15:30 15 mins #467	Vertical coherence of turbulence in the atmospheric surface layer Woutijn Baars, Dominik Krug, Nicholas Hutchins, Ivan Marusic Abstract: Statistical descriptions of coherent flow motions in the atmospheric surface layer have many applications in wind engineering. For instance, the dynamical characteristics of large-scale motions in wall-turbulence play an important role in predicting the dynamical loads on buildings, or the fluctuations in the power distribution across wind farms. Davenport's seminal study on the subject (Davenport 1961) proposed a hypothesis that is still widely used to date.
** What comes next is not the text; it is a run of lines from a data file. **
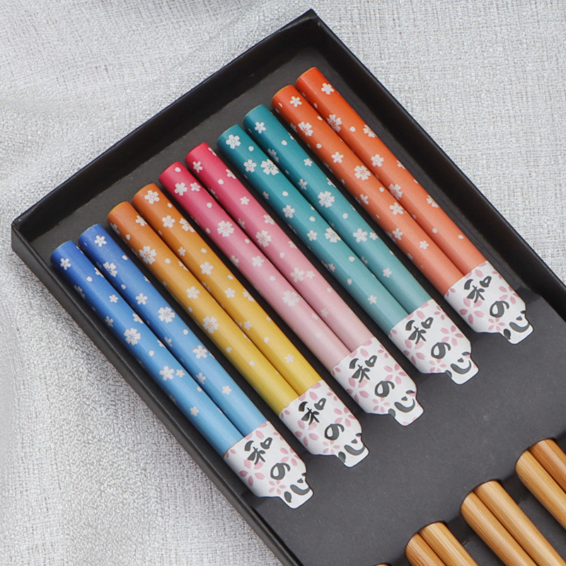 five colors blessing printed bamboo chopsticks (5 pairs)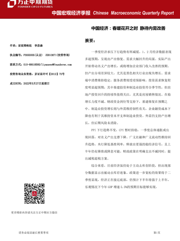 【方正中期期货】【20220327】中国宏观经济季报-25页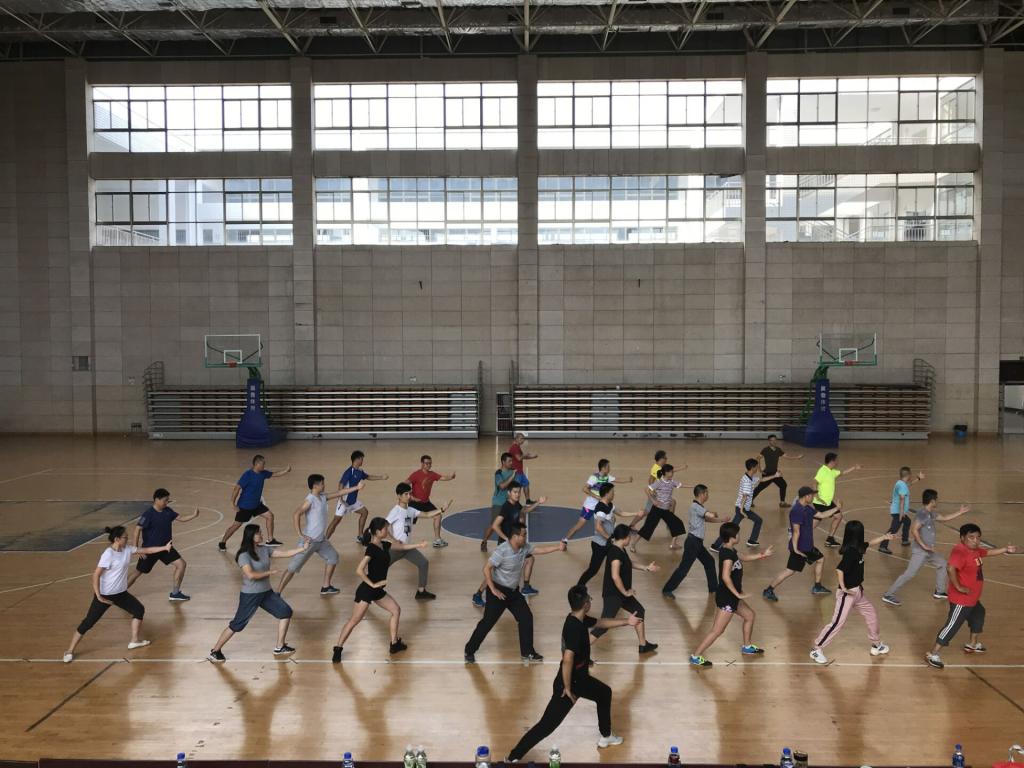 本次活动由公司武体教研室主任许贵泉老师负责主讲。他从太极拳的起源、项目特点展开介绍,一边讲解动作要领,一边进行规范化的动作示范。参加本次活动的广大公司教师,认真聆听讲解的同时,还跟随许老师进行动作套路的学习。在学习过程中,大家还就“二十四式简化太极拳”的相关问题进行了探讨和交流,通过部分专项教师的解答,让大家更进一步了解太极拳这项运动,甚至喜欢上这项运动。
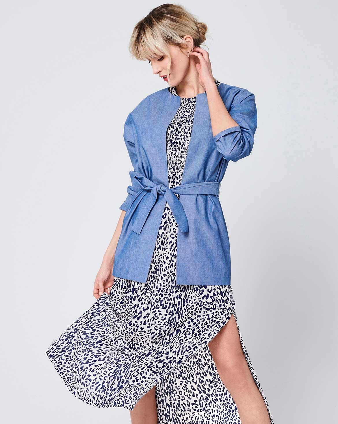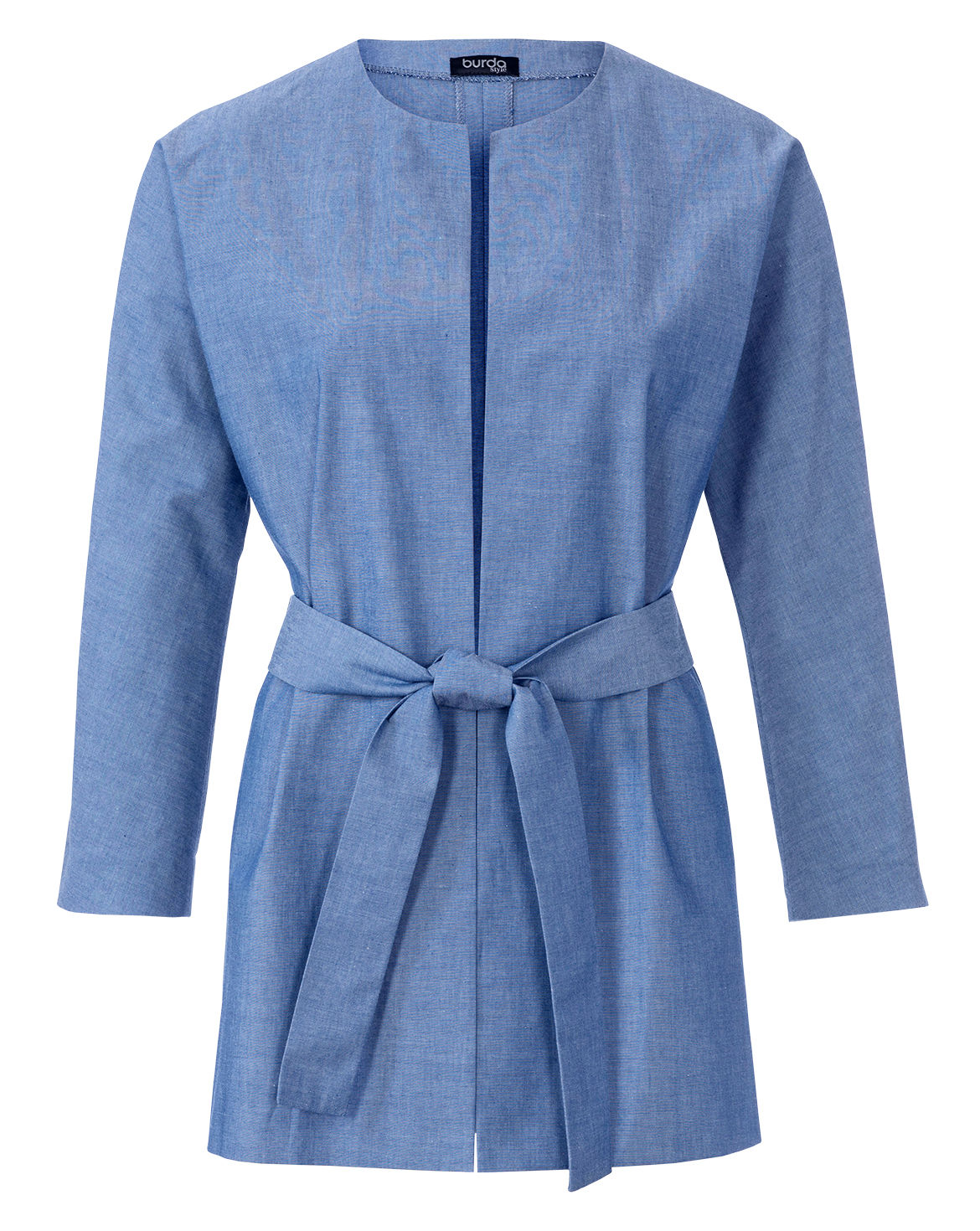 B: Denim can look very fine, as this model shows. The jacket's length helps to elongate your figure and the tie creates a feminine silhouette. Helpful hint: Tie the belt at the back when you're not using it.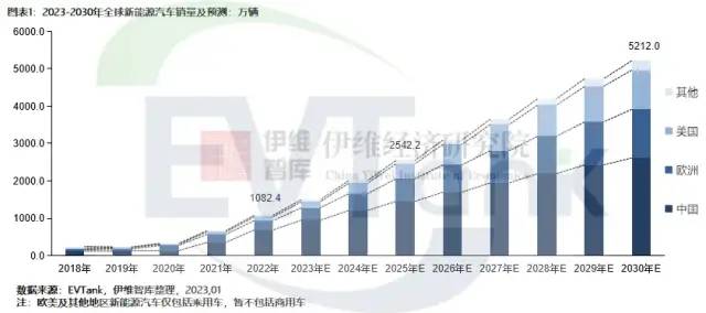 展望未來,EVTank預計全球新能源汽車的銷量在2025年和2030年將分別達到2542.2萬輛和5212.0萬輛,新能源汽車的滲透率將持續提升并在2030年超過50%。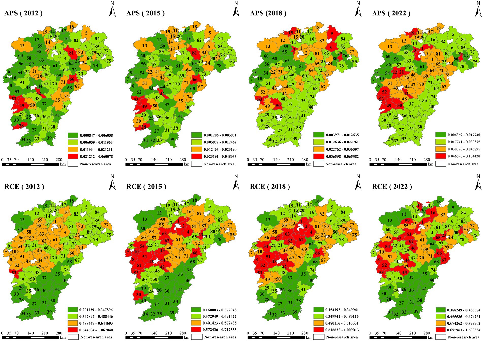 To investigate the spatiotemporal patterns and evolutionary trajectories of APS and RCE across Jiangxi’s counties, we conducted quartile-based classification using the natural breaks method in ArcGIS 10.8. The county-level APS and RCE metrics for 2012, 2015, 2018, and 2022 were systematically categorized into four tiers, as visualized in Figure 3. For cartographic clarity and space optimization, county identifiers in the maps are represented numerically, with corresponding geographical labels cross-referenced to Figure 2 This standardized visualization protocol ensures consistent spatial referencing throughout the analysis.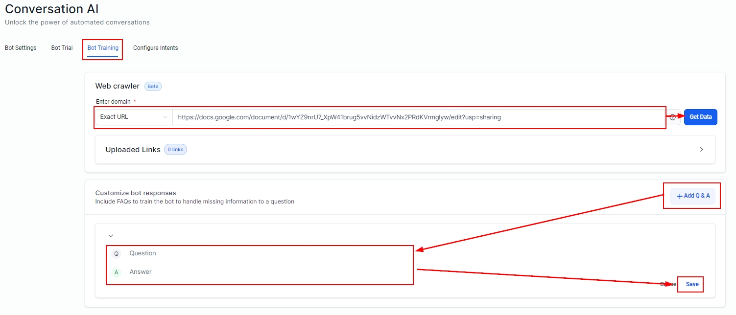 In the "Customize Bot Responses" area, you can utilize the "+ Add Q & A" button to include commonly asked questions (FAQs) and their answers. This helps in educating the bot to manage inquiries efficiently.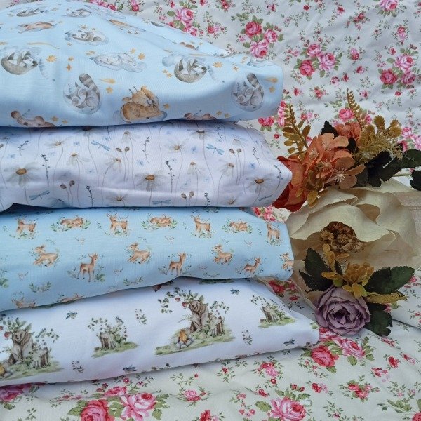 - Manta de arrullo doble faz combinando 2 diseños del pack con vivos en tela lisa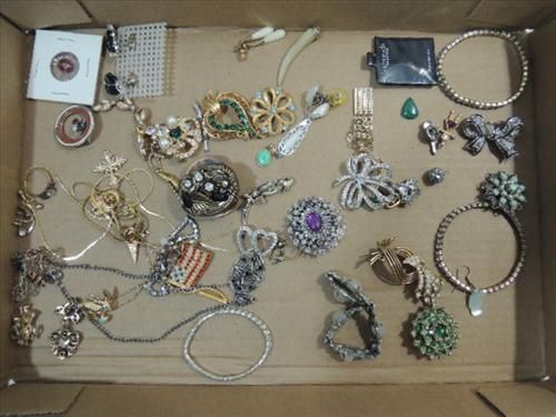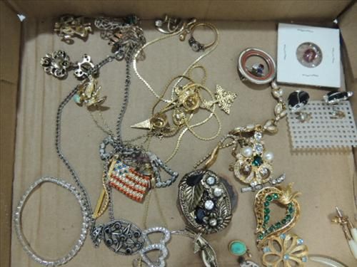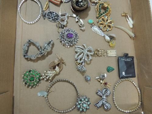 VINTAGE LOT CUSTOME JEWELRY: RHINESTONE BROACHES, BRACELETS & NECKLACES. AS SHOWN. VIEW PICTURE FOR DETAIL.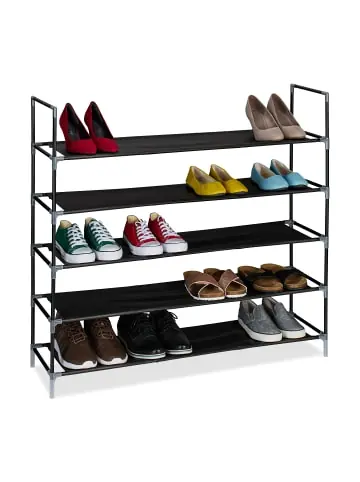 Mit diesem platzsparenden Schuhregal gehören herumliegende Schuhe der Vergangenheit an. Die Schuhablage ist ideal für den Flur, das Schlaf- oder Ankleidezimmer. Pro Ebene können dabei 4 Paar Schuhe verstaut werden. So hast Du mit dem Schuhständer Dein liebstes Schuhwerk passend zum Outfit oder Wetter jederzeit griffbereit. Das praktische Schuhgestell mit Stecksystem ist schnell aufgebaut. Das schlichte Design aus Metallgestell und Stoffablagen fügt sich vielseitig ein.Schuhregal im Detail – Ablagefläche B x T: ca. 88 x 27 cm – Abstand der Ablagen: ca. 16 cm – Traglast je Ablage: max. 5 kg – Materialien: Stahl, Vlies, PP – Farbe: Schwarz, TransparentSchuhgestell in verschiedenen Größen – Maße 3 Ebenen H x B x T: ca. 58 x 100 x 28 cm / ca. 0,9 kg – Maße 4 Ebenen H x B x T: ca. 75 x 100 x 28 cm / ca. 1,1 kg – Maße 5 Ebenen H x B x T: ca. 91 x 100 x 28 cm / ca. 1,4 kg – Maße 6 Ebenen H x B x T: ca. 108 x 100 x 28 cm / ca. 1,7 kgSchuhständer für den Flur – Zur Aufbewahrung von 4 Paar Schuhen pro Ebene – Platzsparende Schuhablage durch schmales Design – Offenes Schuhgestell für schnellen Zugriff – Schwarzes Metallgestell mit Ablagen aus Stoff – Schneller, unkomplizierter Aufbau mit Stecksystem – Mit Wandmontagematerial für mehr StabilitätLieferumfang – 1x Schuhorganizer in Einzelteilen – Mit Anleitung – Mit Montagematerial – Dekoartikel sind nicht im Lieferumfang enthalten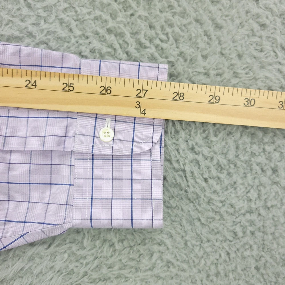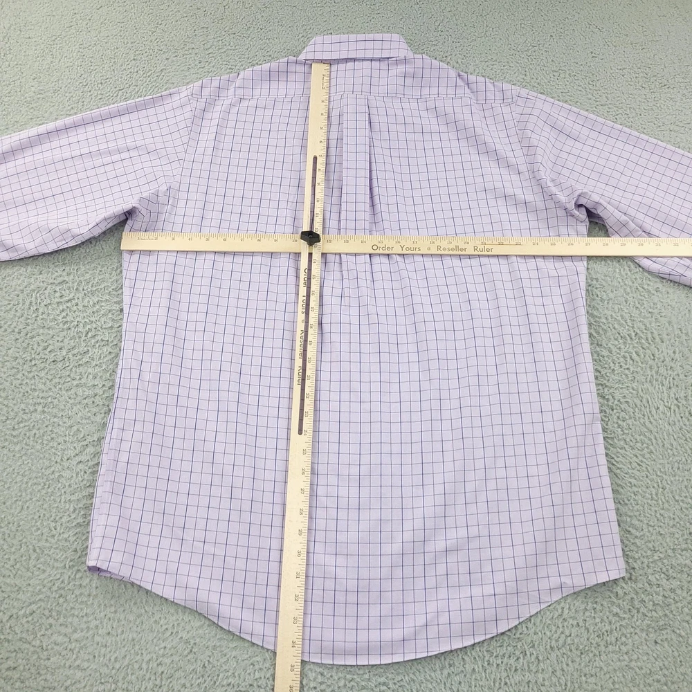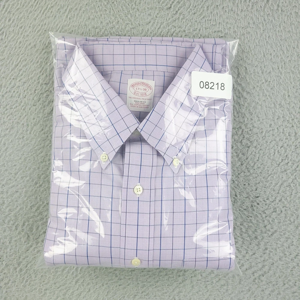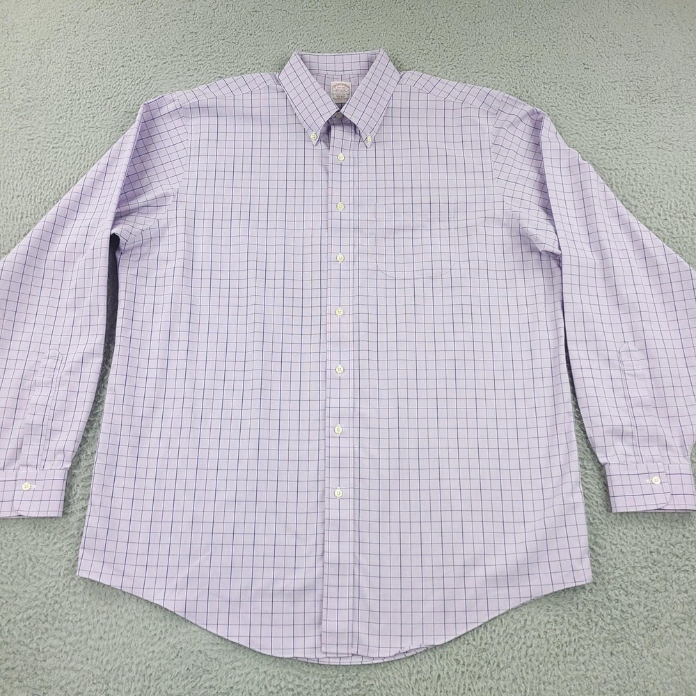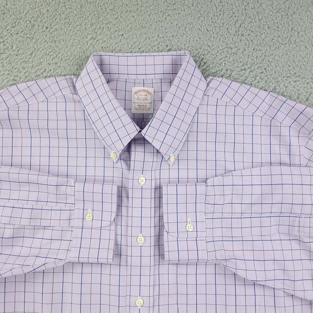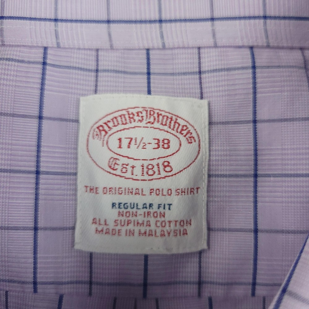 Brooks Brothers Dress Shirt Mens 17.5 Purple Check Regular Non Iron Supima Brand: Brooks Brothers. Style: Mens long sleeve button-front dress shirt in the Regular Fit with a button-down collar. Color: Light purple base with blue and lavender check pattern. Size on tag: Mens 17.5 Material: 100% Supima cotton woven fabric. Made in Malaysia. Features: Button-down point collar, full front button placket with white buttons, single left chest patch pocket, long sleeves with buttoned barrel cuffs and sleeve plackets, curved shirttail hem, back yoke with center box pleat for ease of movement, non-iron Supima cotton fabric for easy care, and interior neck label with Brooks Brothers Est. 1818 branding noting Regular Fit, All Supima Cotton, and country of origin. Measurements are included in the photos, compare measurements with your item to ensure proper fit. Items are added daily click here to Visit My Store Combined shipping for US customers is 1.99 for each additional item Items are cleaned per eBay standards & policies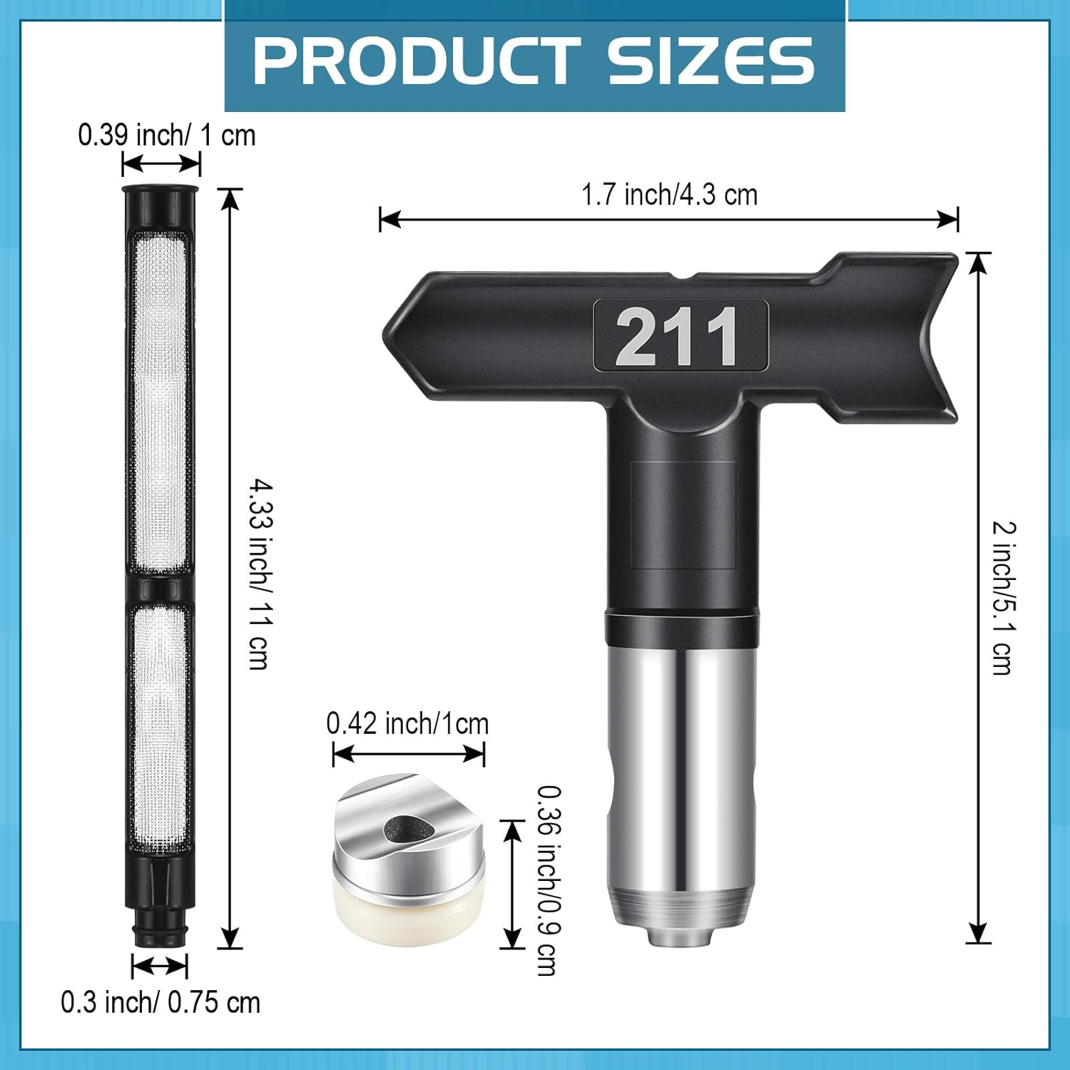 High Applicability: airless paint sprayer nozzle is compatible with most airless sprayers, and there are many types to choose; The length of spray gun filter is about 4.33 inches/ 11 cm, the diameter of large port is about 0.39 inches/ 1 cm, and the diameter of small port is about 0.3 inches/ 0.75 cm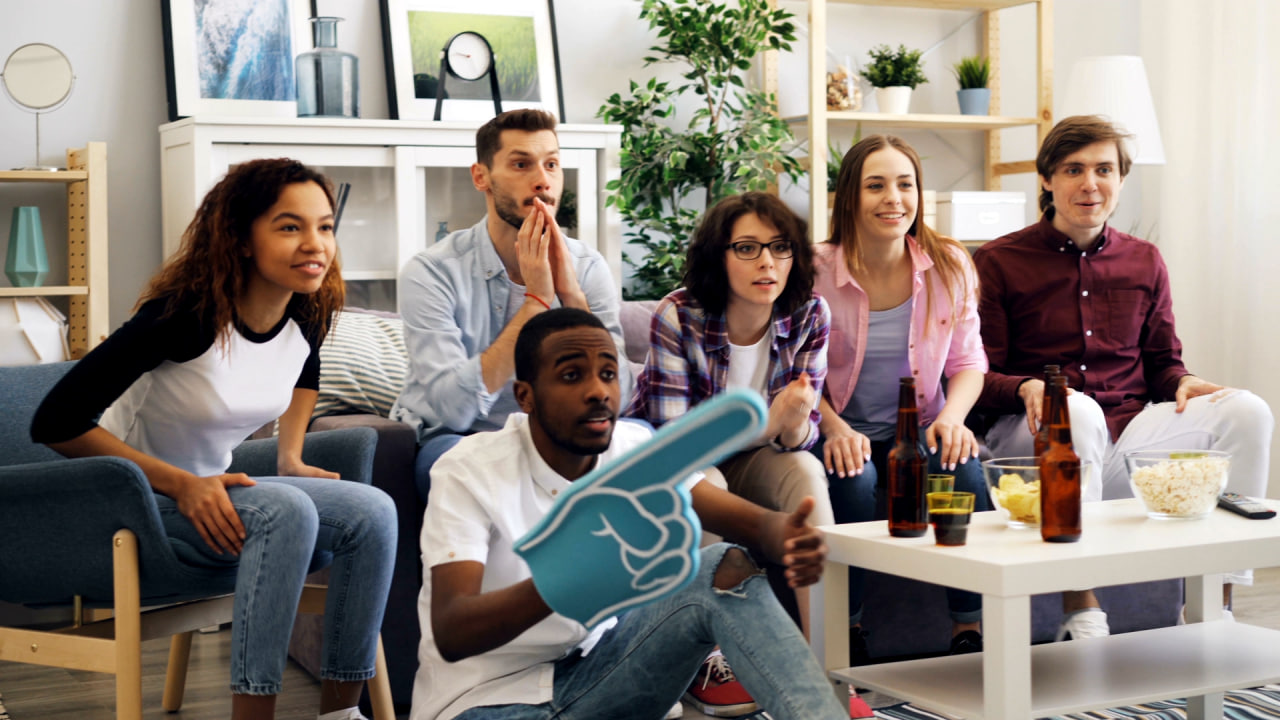 فوتیج جوانان خوشحال از تماشای بازیهای ورزشی در تلویزیون خانه لذت میبرند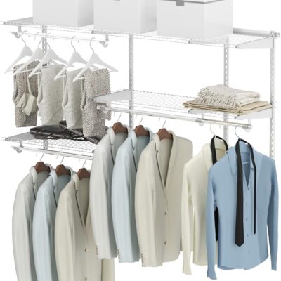 COSTWAY Closet Organiser System, Wall-Mounted Adjustable Metal Rail Garment Rack, Space Saving Clothes Storage Unit for Wardrobe and Bedroom (3 Hanging Rods + 4 Storage Shelves, White)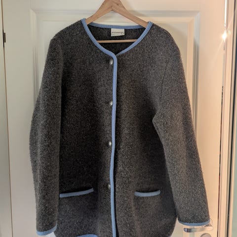 Pen, varmgrå mellomtykk ulljakke i 100% ull. Meget god kvalitet! Jakken er i Bia-design, str 40. Den har pene stikninger og 3 små forede lommer. Den er nesten ikke brukt - som ny!

Here, we demonstrate how the empirical formulation of Davenport is consistent with the analysis of Baars et al. 2017 in the spirit of Townsend's attached eddy hypothesis in wall-turbulence. We further study stratification effects based on two-point measurements of the atmospheric boundary layer flow over the Utah salt flats. No self-similar scaling is observed in stable conditions, putting the application of both, Davenport's framework as well as the attached eddy hypothesis, in question for this case. Data obtained under unstable conditions exhibit clear self-similar scaling and our analysis reveals a strong sensitivity of the statistical aspect ratio of coherent structures (defined as the ratio of streamwise and wall-normal extent) to the magnitude of the stability parameter.